Here's a calendar download with activities/ideas (PDF):
[https://www.mormon.org/bc/content/assets/pdf/christmas2018/C...](https://www.mormon.org/bc/content/assets/pdf/christmas2018/Calendar%20and%20Family%20Home%20Evening/LTW%20Calendar%202018.pdf)

And there will be videos will be coming out on
[http://www.lighttheworld.org](http://www.lighttheworld.org), if it's the same
as years past.

In general, I feel that if I can teach my kids to look for ways to serve and
benefit others, then we're really getting at the core of why Christmas exists,
and the core of who we are celebrating.

------
jppope
\- Christmas Caroling

\- Baking Christmas cookies and making hot cocoa

\- helping out at a food pantry / homeless shelter

\- Decorating for the holidays

\- Getting Everyone special Christmas outfits or pajamas

\- Read the Nativity story

\- Have a Christmas cookie exchange with the neighbors

\- Go See the nutcracker, a christmas carol, or another christmas play live

\- Help participate in Secret Santa situations

\- Teach the kids to play christmas songs with instruments (piano, drums)

I'm a big fan of helping out others during the holidays, but the reality is
that it isn't a service day, its for spending with family and friends!

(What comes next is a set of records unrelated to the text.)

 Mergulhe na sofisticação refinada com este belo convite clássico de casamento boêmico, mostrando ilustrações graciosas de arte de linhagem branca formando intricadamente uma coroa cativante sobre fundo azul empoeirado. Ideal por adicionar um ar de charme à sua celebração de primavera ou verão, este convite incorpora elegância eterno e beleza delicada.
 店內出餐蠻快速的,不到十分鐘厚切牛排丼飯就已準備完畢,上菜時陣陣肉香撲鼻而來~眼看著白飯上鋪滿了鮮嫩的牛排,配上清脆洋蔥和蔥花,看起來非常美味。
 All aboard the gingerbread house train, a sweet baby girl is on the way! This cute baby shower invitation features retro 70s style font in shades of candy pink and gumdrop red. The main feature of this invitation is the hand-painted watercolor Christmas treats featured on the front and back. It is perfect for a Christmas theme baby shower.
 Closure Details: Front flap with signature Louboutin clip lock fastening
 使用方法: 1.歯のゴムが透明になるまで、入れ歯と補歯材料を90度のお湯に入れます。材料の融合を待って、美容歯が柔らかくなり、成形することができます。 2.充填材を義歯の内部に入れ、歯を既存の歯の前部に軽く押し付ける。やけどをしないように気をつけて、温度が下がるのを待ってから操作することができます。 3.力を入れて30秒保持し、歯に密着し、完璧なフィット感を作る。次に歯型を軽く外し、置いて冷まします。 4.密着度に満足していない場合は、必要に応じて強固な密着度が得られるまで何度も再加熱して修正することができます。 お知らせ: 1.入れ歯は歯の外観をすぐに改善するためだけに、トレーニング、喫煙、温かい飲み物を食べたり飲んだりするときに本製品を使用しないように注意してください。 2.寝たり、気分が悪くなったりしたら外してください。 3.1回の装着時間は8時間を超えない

Eat,
Drink, and be merry!

------
wingerlang
I recall getting one gift per day leading up to the 24th. Gifts like a
chocolate bar, $1 toy or whatever. Not actually sure if this memory is real
though.

We did have a calendar on the wall with gifts, this helps increase the hype
for the big day.

Generally baking Christmas food, watching movies and having music play during
the day works as well.

------
bjourne
Read them stories from the Bible (simplified version) and especially the
Gospels. Then ask them questions and have them reflect on the messages of
each. It works whether you are religious or not and they get to think for
themselves. Plus, knowing the stories is good general knowledge.

------
dpeck
Advent calendar of whatever type works best for your family, whether
religious/securlar stories each day or LEGO Star Wars mini builds, having
something they look forward to doing with their parents each day means a lot
to little ones.

------
rajacombinator
Regardless of your goals, establishing some family traditions is a nice idea.